This year’s version, House Bill 1724, is on the governor’s desk, and once again, Virginians need his protection. While the bill may claim to lower drug prices, its approach is fundamentally flawed and could cause serious harm to those who depend on critical treatments. Its proponents imply that the PDAB will reduce everyone’s drug costs. The reality is that the board can only affect the list prices of a few specified medications.

Ensuring prescription drug affordability is crucial. As a physician, I have seen families fight tirelessly to secure essential medications for children with rare and chronic diseases. But HB1724 fails to address the true cost drivers. Instead, it focuses narrowly on list prices set by manufacturers — prices that have little connection to what patients actually pay at the pharmacy counter.

Prescription drug pricing is a tangled web. After manufacturers set a list price, pharmacy benefit managers (PBMs), insurers and other intermediaries dictate the final cost to patients. Manufacturers do not determine what patients pay for their medications. PBMs decide which medications are covered by insurance, on formulary (or not), how they are tiered, and the out-of-pocket costs for consumers. HB1724 ignores these complicated realities, leaving Virginians vulnerable to their profiteering business practices.

Other states are already demonstrating the pitfalls of PDABs including Maryland, Colorado and Oregon, where boards are costing their states money, but after years of operation have not saved their constituents a single penny.

In Colorado, a similar board initially set its sights on medications for rare diseases, therapies that literally are the difference between life and death. Price controls threatened to make them unavailable and, in reality, the manufacturer’s patient support had made the medications affordable to the patients who required them.

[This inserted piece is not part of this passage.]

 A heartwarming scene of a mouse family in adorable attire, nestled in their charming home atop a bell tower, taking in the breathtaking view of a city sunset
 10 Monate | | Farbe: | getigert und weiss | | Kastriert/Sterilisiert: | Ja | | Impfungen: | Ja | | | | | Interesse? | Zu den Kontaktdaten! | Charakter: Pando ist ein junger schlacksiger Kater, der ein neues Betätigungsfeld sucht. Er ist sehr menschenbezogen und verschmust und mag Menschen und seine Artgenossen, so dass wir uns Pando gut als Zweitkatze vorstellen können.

The PDAB’s current list of medications that treat arthritis and other inflammatory conditions are ones that they consider to have “therapeutic alternatives” (but not “therapeutic equivalents”). Physicians and patients know this game — called “non-medical switching” — that places yet another intermediary overruling the patient-physician therapeutic decisions.

Maryland’s PDAB experiment exposes other equally important issues. Despite being operational for six years, it has yet to create any patient savings. Meanwhile, PDABs cost around $1 million per year, siphoning resources away from initiatives that could actually help patients.

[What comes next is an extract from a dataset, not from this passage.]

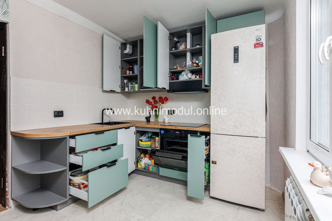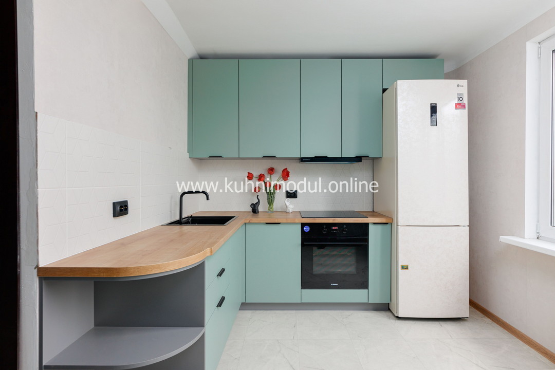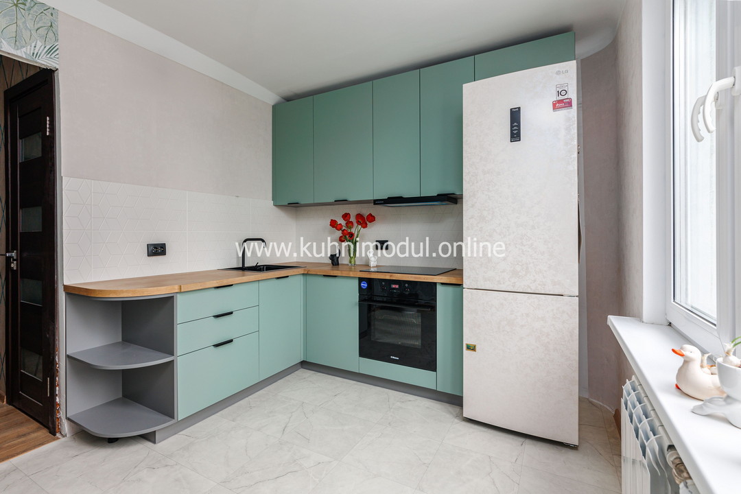 код 146452Угловая кухня в зелёном цвете с открытыми полками.

If Virginia follows suit, expect to see essential medications restricted, creating even more dangerous barriers for patients to navigate.

The unintended, yet predictable, consequences of HB1724 are vast. Pharmaceutical companies may hesitate to introduce or sell their drugs in the commonwealth if the state-imposed price limit differs from national or regional norms or rates. Physicians may be financially unable to obtain and administer essential medications, creating yet an additional hardship and expense for patients.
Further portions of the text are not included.